There are so many open questions on this subject. Is it bad for your muscles if you lift weights in compression shirts? Does it decrease blood flow, and thus prevent proper nutrient delivery? Also, does it weaken your gains by assisting the weight up for you, due to the elasticity of the fabric? This article gives you all the answers you’ll ever need.
What are compression garments?
Compression garments are tight, compressive forms of clothing, often made out of high-quality materials (usually spandex), which are designed to enhance recovery. They give you a feeling of being supported and “held in”.
These clothes come in the form of shorts, leggings, sleeves, socks, underwear as well as long sleeved shirts. They can be worn beneath your regular gym outfit.
The underlying mechanism is attributed to enhanced blood flow to muscle, which is similar to the effect of active recovery. Improvements in microcirculation may prevail whilst wearing compression garments. Manufacturers claim that special tight-fitting compression clothing increases circulation (making it easier for your muscles to get oxygen) and decrease muscle vibration, which can make the legs tire out.

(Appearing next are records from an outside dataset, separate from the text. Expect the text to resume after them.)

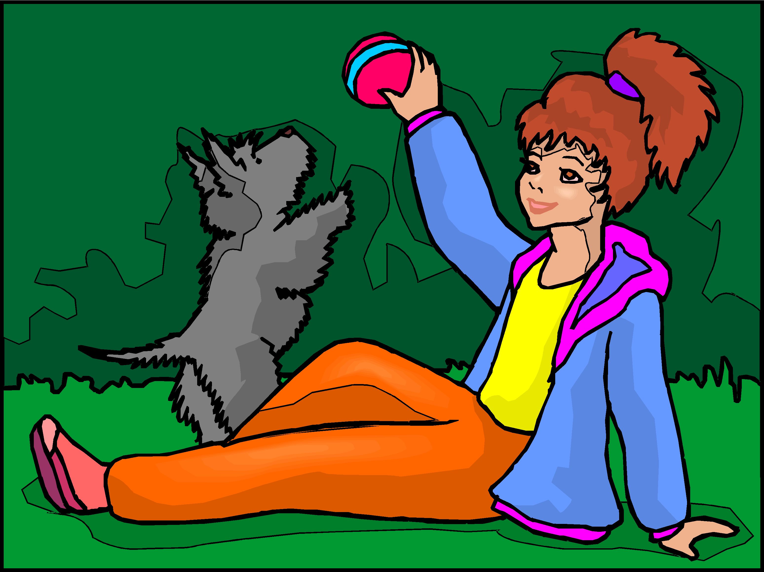 Girl with Dog 2 Clip Art, People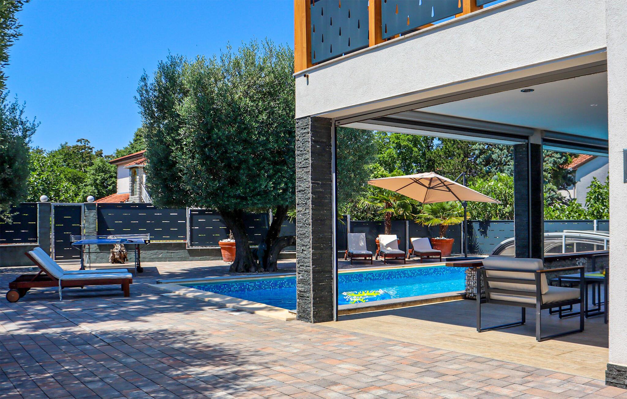 Genießen Sie einen wohltuenden Urlaub in diesem charmanten Ferienhaus in Malinska auf der Insel Krk. Die Innenräume sind geschmackvoll gestaltet, mit einem offenen Wohnbereich, einer gut ausgestatteten Küche und gemütlichen Schlafzimmern, die zum Entspannen einladen. Das stilvolle Interieur und die sorgfältig ausgewählten Möbel schaffen eine behagliche Atmosphäre, in der Sie sich sofort wohlfühlen werden.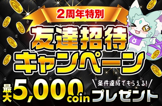 既存ユーザー様への感謝と、これから始める方への応援を兼ねて、2周年限定で、友達招待を行うと1,000ボーナスコインがもらえるキャンペーンを実施いたします。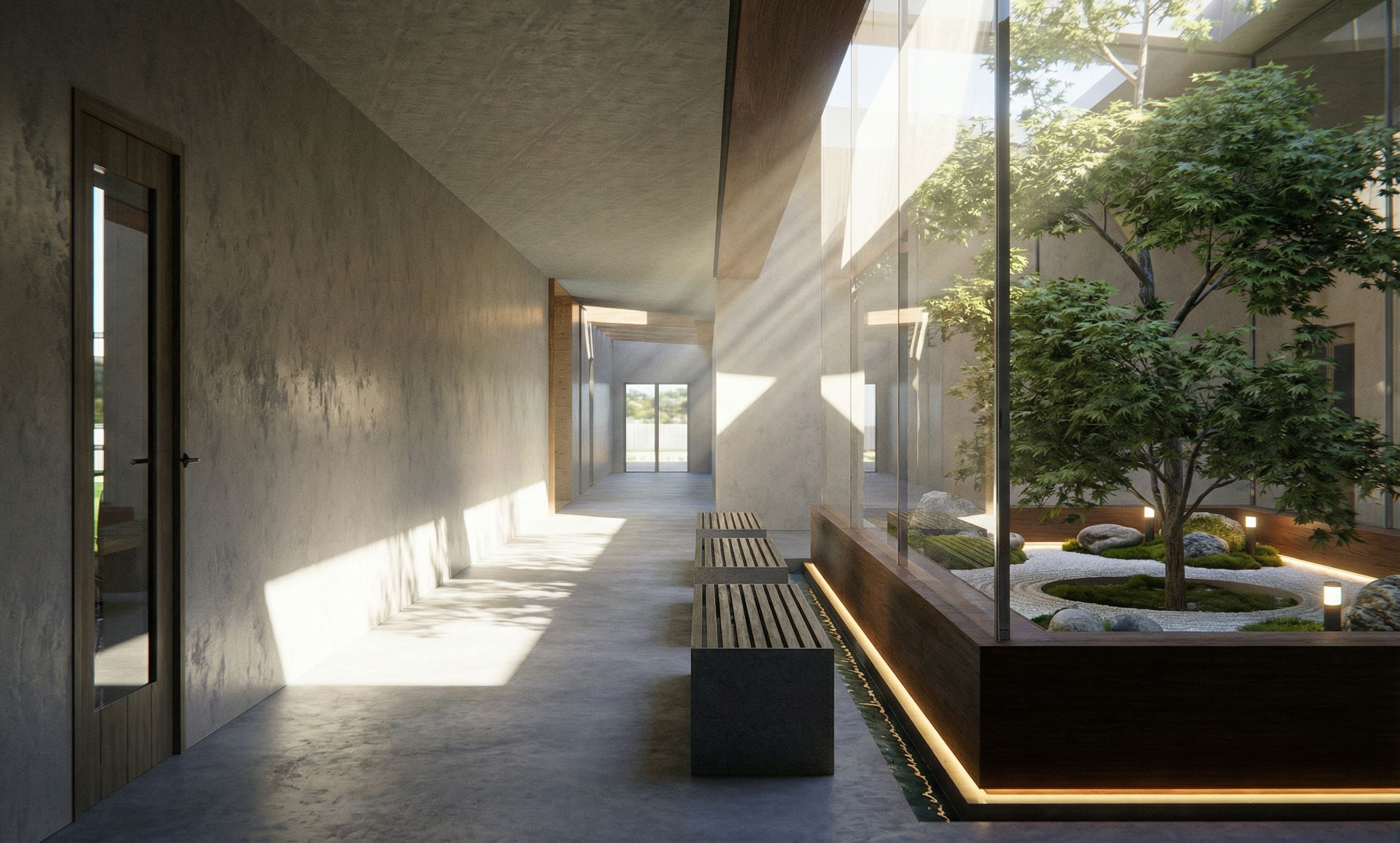 this is a corridor with central courtyard. make it zen courtyard, clean minimalist style yet calming n welcoming. there is a void around the tree as it punctures through the floor. theres lights around the tree/ around the courtyard. there is water rill around the rectangular courtyard. include lights in the water rill. Make into eyelevel height, keep exact camera angle. Add natural sunlight rays, keep exact camera angle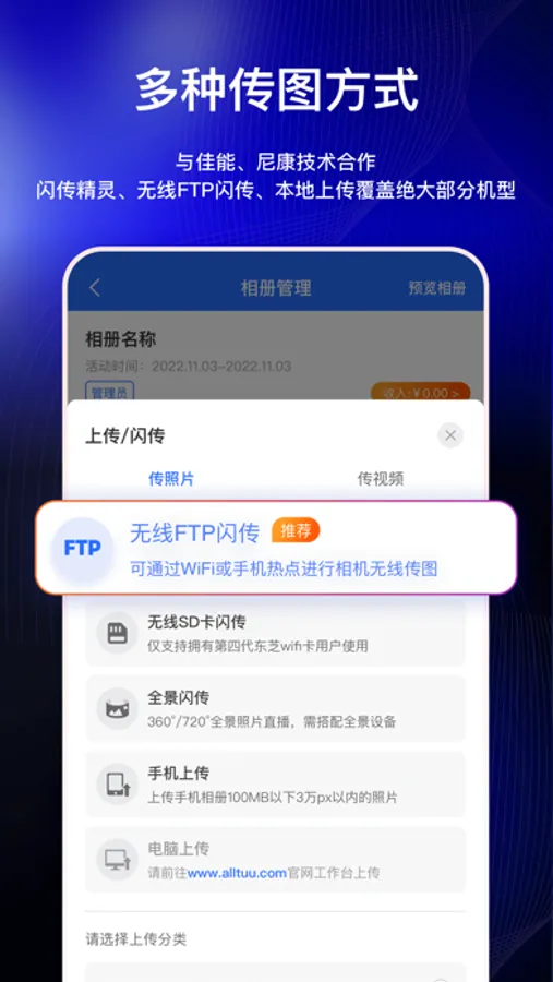 闪传直播平台是专业的云摄影技术服务商,可为摄影师/摄影机构等用户提供专业的云摄影软硬件技术支持。

Possible benefits of compression garments for weight training and bodybuilding
Varying claims have arisen about the possible performance and health benefits of exercising in such garments. These claims range from increasing sport performance to speeding post-exercise recovery by promoting increased blood flow and lymphatic drainage.
- Reduces muscle fatigue
- Strain prevention
- A lower risk of muscle soreness
- Improved perceived exertion
- Increased power
- Better jumping ability
- Better muscle oxygenation
- Increased blood flow
- Comfort
- Increased lymphatic drainage
- Improved strength recovery
- Better recovery after strenuous exercise
- Groin support
Is there any scientific evidence to support these claims?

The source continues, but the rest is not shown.